2026, Jan 01 15:00

Secure ZIP Uploads in Your REST API: Python Approach to Detect Overlapping Records and Zip Bombs

Learn how to validate ZIP uploads in Python by detecting overlapping records (Fifield-style zip bombs) via central directory parsing—secure your REST API.

Handling user-supplied ZIP uploads in a REST API sounds straightforward until you factor in crafted archives like Fifield-style zip bombs. These files exploit overlapping entry layouts in the ZIP structure, tricking naive extractors into doing expensive or unsafe work. If your goal is to validate ZIP files with standard Python tooling before extraction, you need a structural check that rejects archives with overlapping records.

Baseline: what a naive extractor looks like

The following snippet simply unpacks everything. It illustrates the gap: there is no validation that would block overlapping-entry bombs.

import zipfile

def naive_unpack(src_path, target_dir):
    with zipfile.ZipFile(src_path) as z:
        z.extractall(target_dir)

What actually goes wrong

Fifield’s construction uses overlapping file records.
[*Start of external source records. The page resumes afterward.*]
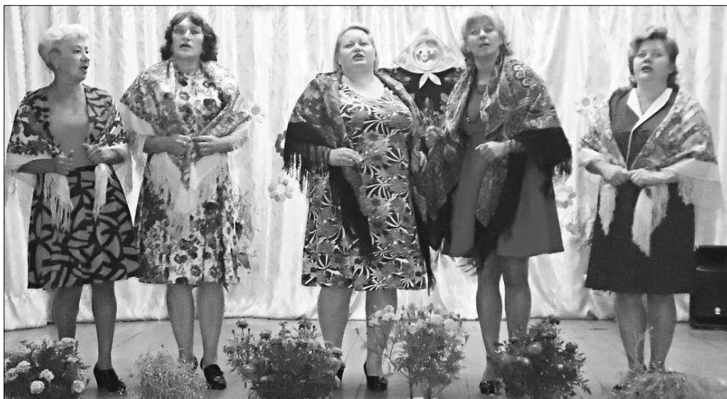
Вокальная группа «Веселушка».
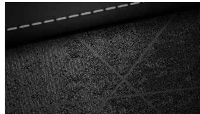
Tessuto nero con cuciture grigie
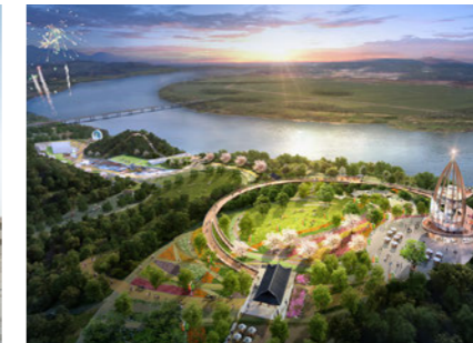
Nakdonggarm Waterside History Park 낙동가람 수변 역사누림길 [A]

The archive is invalid according to the ZIP format, yet many readers will still attempt to process it. The reliable way to detect this pattern is to parse the central directory, recover the local file entry ranges, and then verify that none of those ranges overlap. Any overlap means the ZIP is invalid and, in this context, likely a bomb. You can do this by locating the end-of-central-directory, following Zip64 records when present, reading each central directory entry, mapping local headers and data descriptors to byte spans, and finally checking the spans for collisions. If overlaps are found, reject the archive before extraction.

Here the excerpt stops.